Hoarding Disorder: Whose Problem is it Anyway?
Ever come home from visiting with family and wondered why you felt like someone else’s hoarding was your issue to deal with? I mean, whose problem is the hoarding disorder anyway?
One of the most challenging aspects of having a family member or other loved one who hoards is that they often fail to recognize the problems in their relationship with their belongings and the condition of their home. If there is a problem, it is not the person who is acquiring and saving, but others’ views of what is happening. At least, that’s how it often plays out.

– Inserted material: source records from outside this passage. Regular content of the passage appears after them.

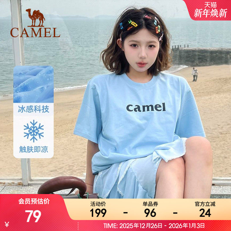 夏日骆驼T神冰感运动短袖2025新款夏圆领休闲复古宽松上衣女T恤男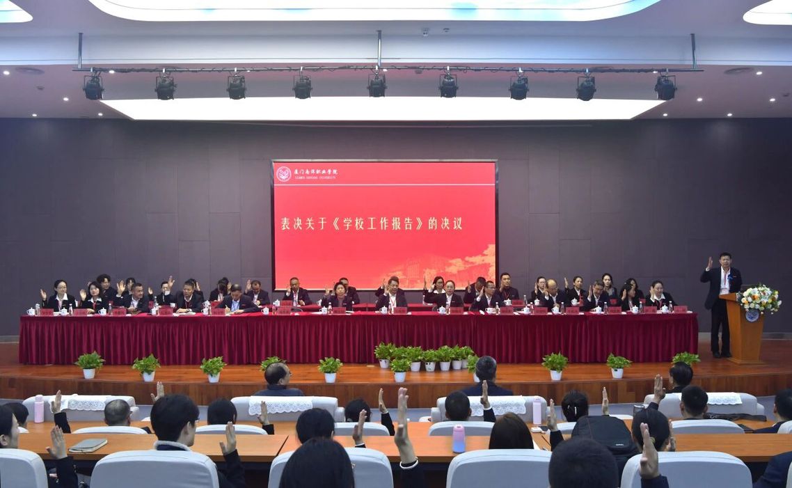 11组代表团分别围绕《学校工作报告》《工会工作报告》《厦门南洋职业学院教师分类发展与管理办法》《厦门南洋职业学院内涵建设奖励办法》进行审议。随后,全体主席团成员举行主席团第二次会议,听取和审议修改意见。在第二次全体会议上,全体代表表决通过关于《学校工作报告》《工会工作报告》《厦门南洋职业学院教师分类发展与管理办法》《厦门南洋职业学院内涵建设奖励办法》的决议。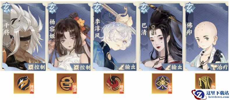群攻方面我们选择李淳风和巴清,巴清的群体增伤实战效果良好,李淳风则是玄卡中非常优质的群攻名士,两位结合打出的伤害较高;
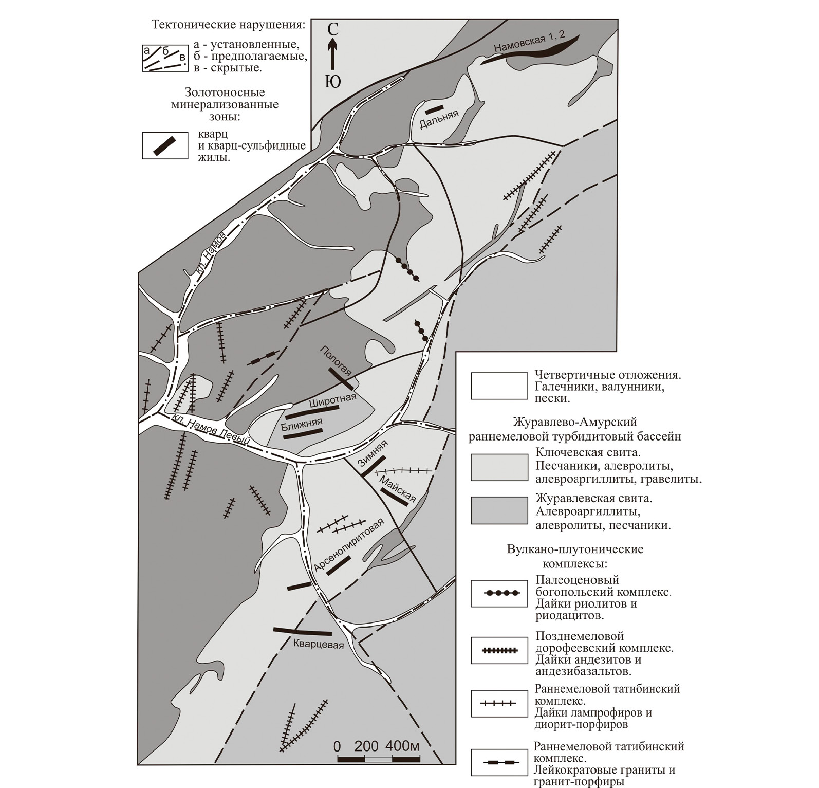 Месторождение Намовское входит в состав Малиновского рудного узла и является северо-восточным флангом Малиновского месторождения [13‒16, 18]. В региональном плане оно локализовано в переходной зоне между Евразиатским континентом и Тихоокеанской плитой [17, 33], в пределах зоны влияния Центрального Сихотэ-Алинского разлома. Последний представляет собой левосторонний сдвиг [34, 35]. Месторождение Намовское расположено в пределах Журавлевско-Амурского террейна, среди терригенных осадочных отложений журавлевской и ключевской свит (Белянский Г.С., 2011 г.). Весь комплекс осадочных образований смят в линейные складки северо-восточного простирания. Осадочные породы прорваны монцонитами Водораздельного интрузива татибинского диорит-гранитового комплекса, а также дайками пестрого состава и возраста (рис. 3). Основными разновидностями интрузивных пород являются габбро- и монцодиориты, реже отмечаются граносиениты и кварцевые сиенит-порфиры, которые встречаются в виде шлировидных выделений в монцодиоритах. Согласно U-Pb SHRIMP датам возраст интрузива составляет 105–103 млн лет [10]. Дайковые образования представлены маломощными телами диорит-порфиритов и лампрофиров (камптонитов) заключительной фазы татибинского комплекса.

In families affected by hoarding disorder, an unhealthy family dynamic often exists. We don’t talk about the problem. We don’t trust outsiders with the information. We don’t allow ourselves to feel deeply what is happening in our households. Many families begin a complicated dance with the person who hoards (PWH), a construct called accommodation.

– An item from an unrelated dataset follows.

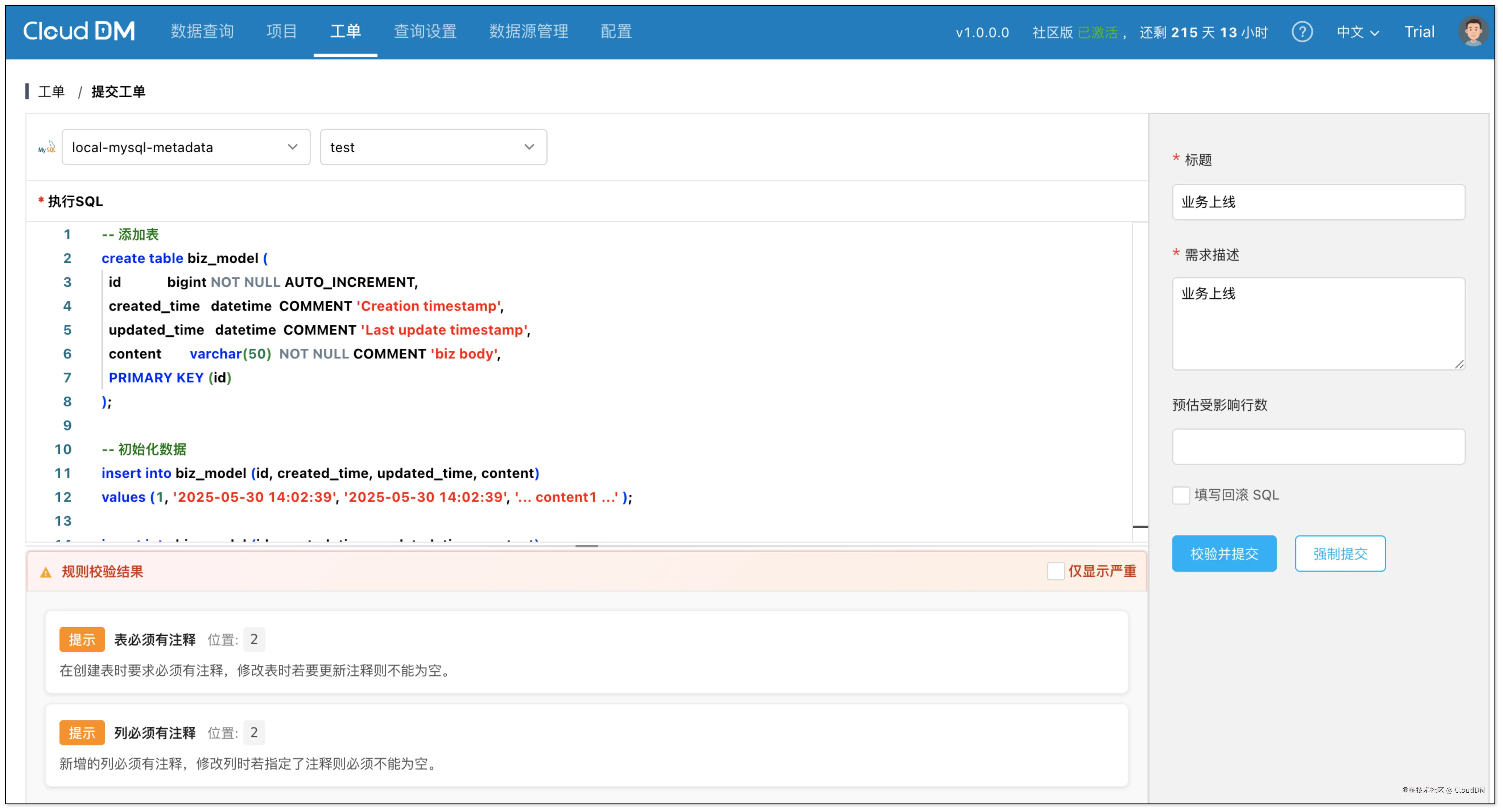 在对工单进行 SQL 审核时,CloudDM 提供了两个安全级别。如果 SQL 命中了等级较高的 阻塞 级,就不能创建工单,只有 提示 级时可以选择强制递交工单。

TL; DR: Family members often find themselves changing their behaviors to keep from upsetting the person who hoards, bearing the brunt of the hoarding problem. This may be necessary in chlidhood (for COH), yet accommodation takes away natural consequences that might force the person who hoards to seek or accept help.

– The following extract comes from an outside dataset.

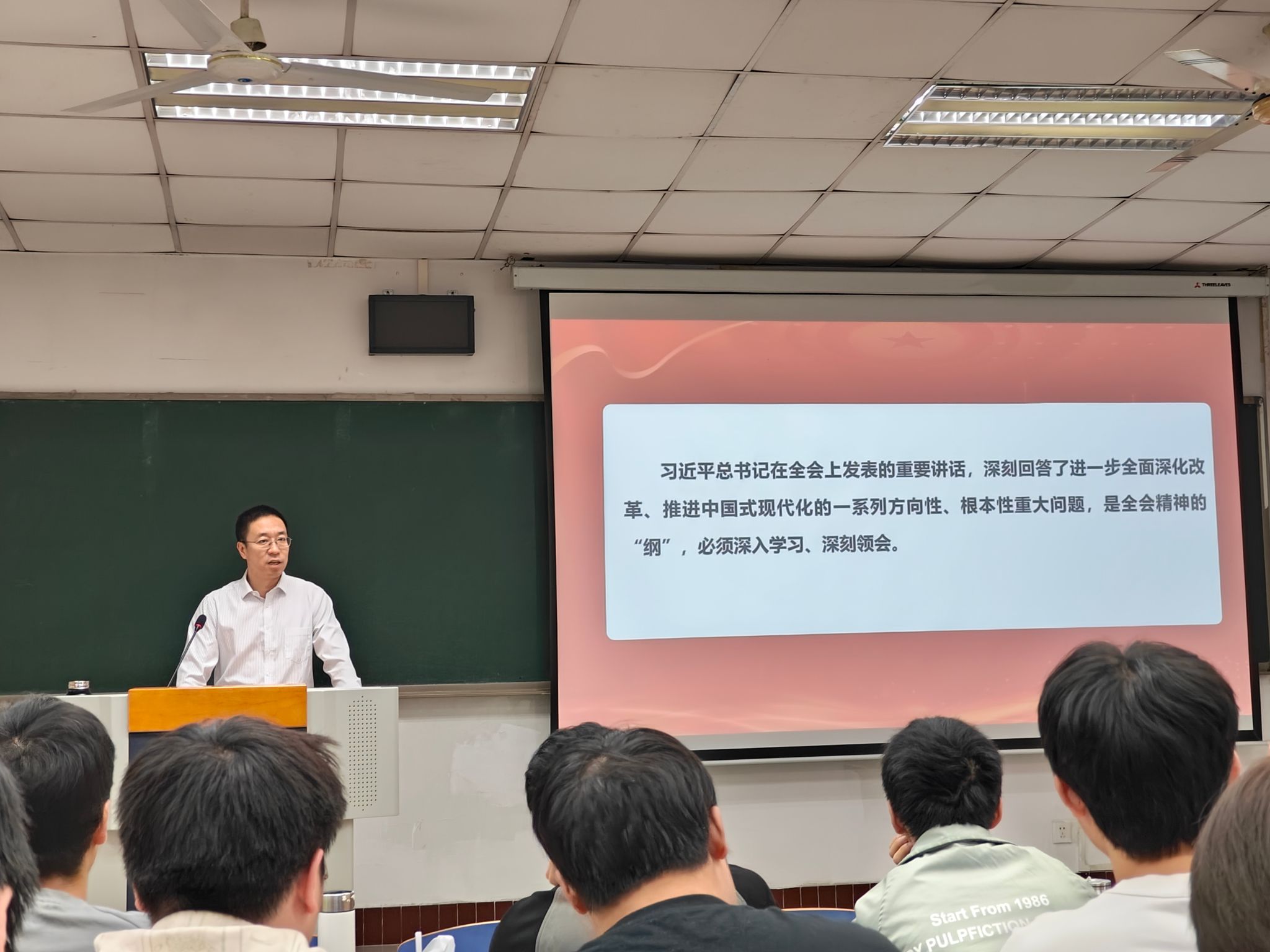 首先,韩旭东副校长带领同学们深入学习领会习近平总书记在党的二十届三中全会上的重要讲话精神,全面准确理解《中共中央关于进一步全面深化改革、推进中国式现代化的决定》。他结合实际案例,分析了全面深化改革的重要性和必要性,强调要将习近平总书记的重要讲话精神贯彻到学习、生活和工作中。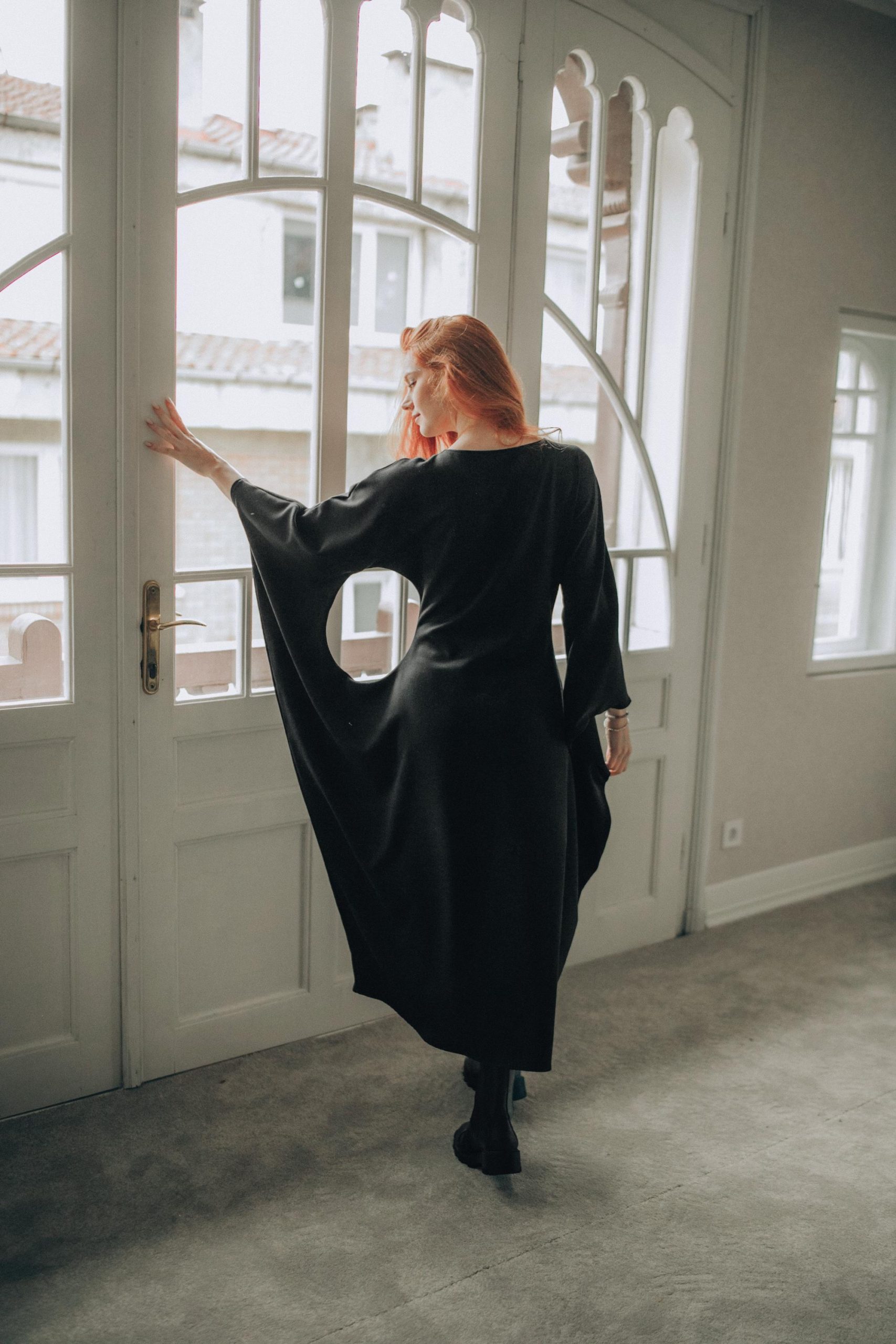 Elevate your everyday elegance with this cotton midi dress, designed for women who love comfort with a touch of drama. Crafted from soft cotton blend fabric, the dress features a flowing draped silhouette that flatters every shape and moves beautifully with you. The batwing sleeves create a sense of effortless grace, while the subtle side cutouts add a modern, refined edge.

To be clear, if you have a parent or other older family member who was responsible for raising you, accommodation may look like abuse and/or neglect at times. In these settings, accommodation is NOT something that is actively chosen. Even in marital relationships, accommodation occurs that may not be equated with choice.
Accommodation: Making Their Problem Our Own
Accommodation, I believe, is well-meaning. Most of us dislike seeing others struggle or in pain and conflict. Because this is uncomfortable to watch, we shift our behaviors and let down our boundaries to make “the other person feel better.” Yet there are times when discomfort is necessary for others to experience! If we accommodate their avoidance behaviors and/or reward boundary violations, we may be robbing them of the natural consequences of their anxiety or other uncomfortable emotional states that would propel them toward the treatment that they need.
As adult children, it is never our responsibility to accommodate our parents’ mental illness, especially when doing so puts our own physical, emotional, psychological, and financial health at risk. Even as spouses or siblings, it is not ours to take control of a problematic situation to make the person who hoards (PWH) more comfortable.
Discomfort is a normative part of life that precipitates change and drives growth. Pain indicates a need for healing. What if we have been raised to reduce or remediate the very situations that might drive the person who hoards (PWH) to get professional care? What if my need to fix or rescue my parent who hoards (PWH) or another person with hoarding behaviors is a distraction from the real problem? For sure, there are instances where we must act to protect the innocent or vulnerable from abuse and neglect, but there are ways to do this while still holding the person who hoard (PWH) responsible for dealing with their mental health issues: hoarding disorder.
How were you taught to accommodate the person who hoards (PWH) in your family? What does that look like? Whose problem is the hoarding disorder? Who is actively taking responsibility for it? How does this need to change?